Recorded data
╭──

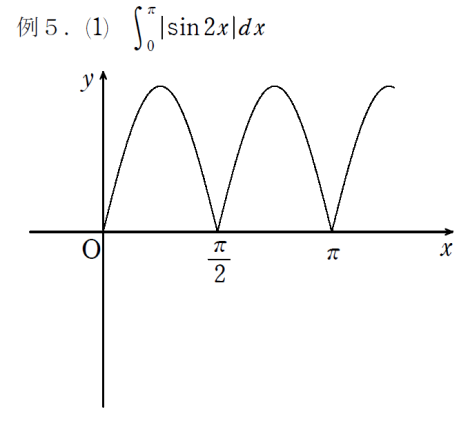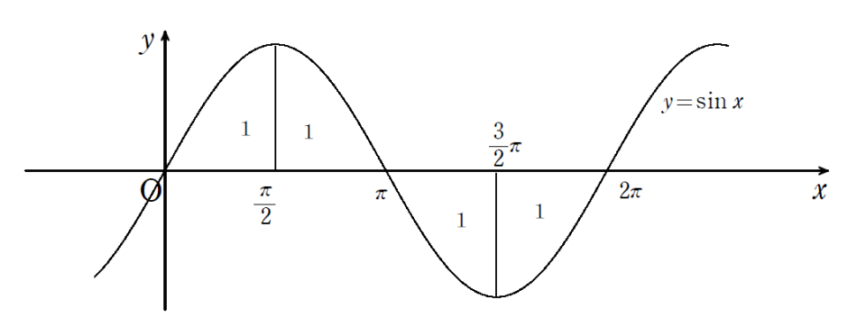 関数 y = sin x のグラフとx軸で囲まれる部分の面積はひとつ2である。またx軸との交点で点対称,隣り合う交点を結ぶ線分の垂直2等分線に対称である。
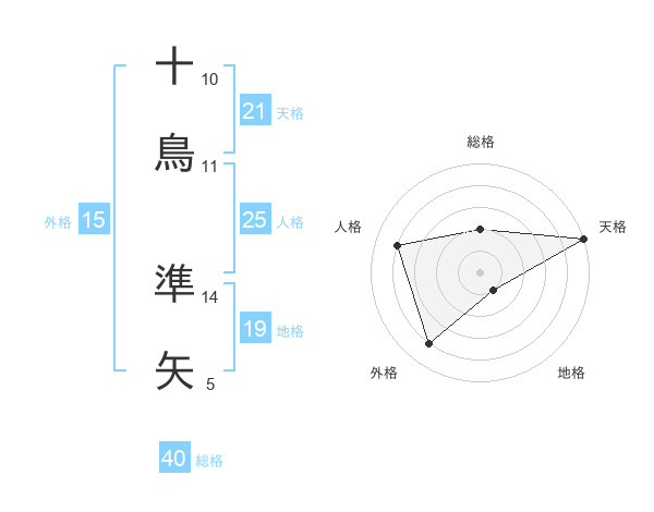十鳥 準矢さんの天格は21画の5点!
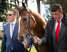 John F Kennedy (7 February 2012[1] - 27 January 2022[4]) was an Irish-bred Thoroughbred racehorse and a stallion stood in Argentina.[6][3] He was beaten as an odds on favourite on his debut but won his next two races, the latter being the Juvenile Turf Stakes that turned out to be the last win in his racing career. At the end of 2014 he had been one of the antepost favourites for the 2015 Epsom Derby, though he did not run in it after all.
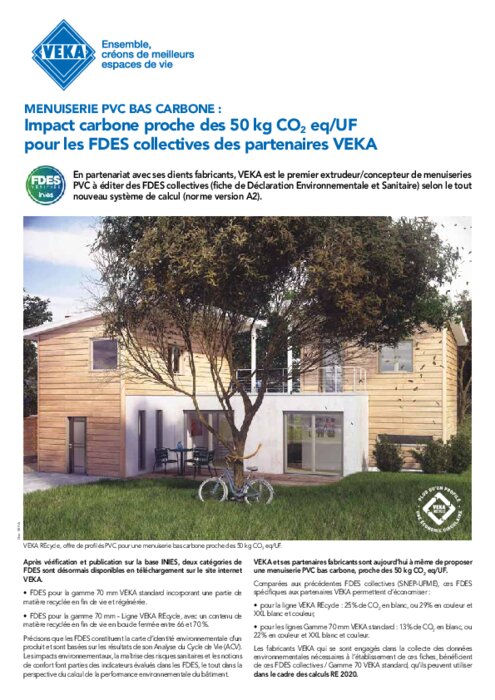 Industriels 19 avril 2023 - 15:24 En partenariat avec ses clients fabricants, VEKA est le premier extrudeur/concepteur de menuiseries PVC à éditer des FDES collectives (fiche de Déclaration Environnementale et Sanitaire) selon le tout nouveau système de calcul (norme version A2). PDF (335 Ko) Télécharger
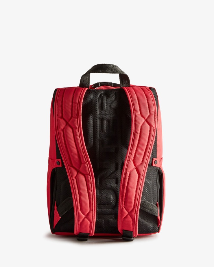 For the everyday adventure,our water-resistant seasonal pink Nylon Pioneer Top Clip Backpack provides all-weather protection. The inside of the bag is lined with recycled polyester and fitted with a laptop pocket. Outside the bag,side pockets provide easy access to a water bottle or umbrella.Certified veganWater-resistant nylon twill exterior100% recycled polyester water-resistant lining for extra protectionInternal padded laptop sleeveExternal zip pocket for valuablesHunter branded messh back for added comfort and airflowPadded adjustable straps for ease of wearingElasticated side pockets with adjustable domes suitable for a water bottleHunter PVC labelHeight 38cm,depth 16cm,width 27cm

╰──

● **WHAT THE TASK ASKS**:
Provide an exact copy of only the lines from the beginning of the entries through the line containing "十鳥 準矢さんの天格は21画の5点!", both ends included, with no pictures.

● **ANSWER SPACE**:
 関数 y = sin x のグラフとx軸で囲まれる部分の面積はひとつ2である。またx軸との交点で点対称,隣り合う交点を結ぶ線分の垂直2等分線に対称である。
十鳥 準矢さんの天格は21画の5点!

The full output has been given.